Initializing an array of structure in C

I'm using the LXLE 14.04 distribution of Linux. I want to write a C program to read commands, interpret and perform them. I'd like the program to be efficient, and I do not want to use a linked list. The commands are operations on sets. Each set can contain any of the values from 0 through 127 inclusive. I decided to represent a set as an array of characters, containing 128 bits. If bit at position pos is turned on then the number pos is in the set and if the bit at position pos is turned off then the number pos is not present in the set. For example, if the bit at position 4 is 1, then the number 4 is present in the set, if the bit at position 11 is 1 then the number 11 is present in the set.

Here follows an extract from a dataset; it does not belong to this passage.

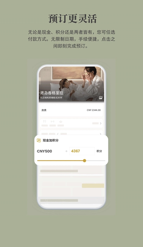 3、选择您心仪的支付方式。现金、积分或两者皆用。不设日期限制,摒弃繁琐拖沓的过程。仅需数次点击,尽享轻松入住。

The program should read commands and interpret them in a certain way. There are a few commands: read_set, print_set, union_set, intersect_set, sub_set and halt.
For example, the command read_set A,1,2,14,-1 in the terminal will cause the reading of values of the list into the specified set in the command. In this case the specified set in the command is A. The end of the list is represented by -1. So after writing this command, the set A will contain the elements 1,2,14.
This is what I have so far. Below is the file set.h
#include <stdio.h>
typedef struct
{
char array[16]; /*Takes 128 bits of storage*/
}set;
extern set A , B , C , D , E , F;
This is the file main.c
#include <stdio.h>
#include "set.h"
#include <string.h>
#include <stdlib.h>
set A , B , C , D , E , F; /*Variable definition*/
set sets[6];
/*Below I want to initialize sets so that set[0] = A set[1] = B etc*/
sets[0].array = A.array;
sets[1].array = B.array;
sets[2].array = C.array;
sets[3].array = D.array;
sets[4].array = E.array;
sets[5].array = F.array;
void read_set(set s,char all_command[])
{
int i, number = 0 , pos;
char* str_num = strtok(NULL,"A, ");
unsigned int flag = 1;
printf("I am in the function read_set right now\n");
while(str_num != NULL) /*without str_num != NULL get segmentation fault*/
{
number = atoi(str_num);
if(number == -1)
return;
printf("number%d ",number);
printf("str_num %c\n",*str_num);
i = number/8; /*Array index*/
pos = number%8; /*bit position*/
flag = flag << pos;
s.array[i] = s.array[i] | flag;
str_num = strtok(NULL, ", ");
if(s.array[i] & flag)
printf("Bit at position %d is turned on\n",pos);
else
printf("Bit at position %d is turned off\n",pos);
flag = 1;
}
}
typedef struct
{
char *command;
void (*func)(set,char*);
} entry;
entry chart[] = { {"read_set",&read_set} };
void (*getFunc(char *comm) ) (set,char*)
{
int i;
for(i=0; i<2; i++)
{
if( strcmp(chart[i].command,comm) == 0)
return chart[i].func;
}
return NULL;
}
int main()
{
#define PER_CMD 256
char all_comm[PER_CMD];
void (*ptr_one)(set,char*) = NULL;
char* comm; char* letter;
while( (strcmp(all_comm,"halt") != 0 ) & (all_comm != NULL))
{
printf("Please enter a command");
gets(all_comm);
comm = strtok(all_comm,", ");
ptr_one = getFunc(comm);
letter = strtok(NULL,",");
ptr_one(sets[*letter-'A'],all_comm);
all_comm[0] = '\0';
letter[0] = '\0';
}
return 0;
}
I defined a command structure called chart that has a command name and function pointer for each command. Then I have created an array of these
structures which can be matched within a loop.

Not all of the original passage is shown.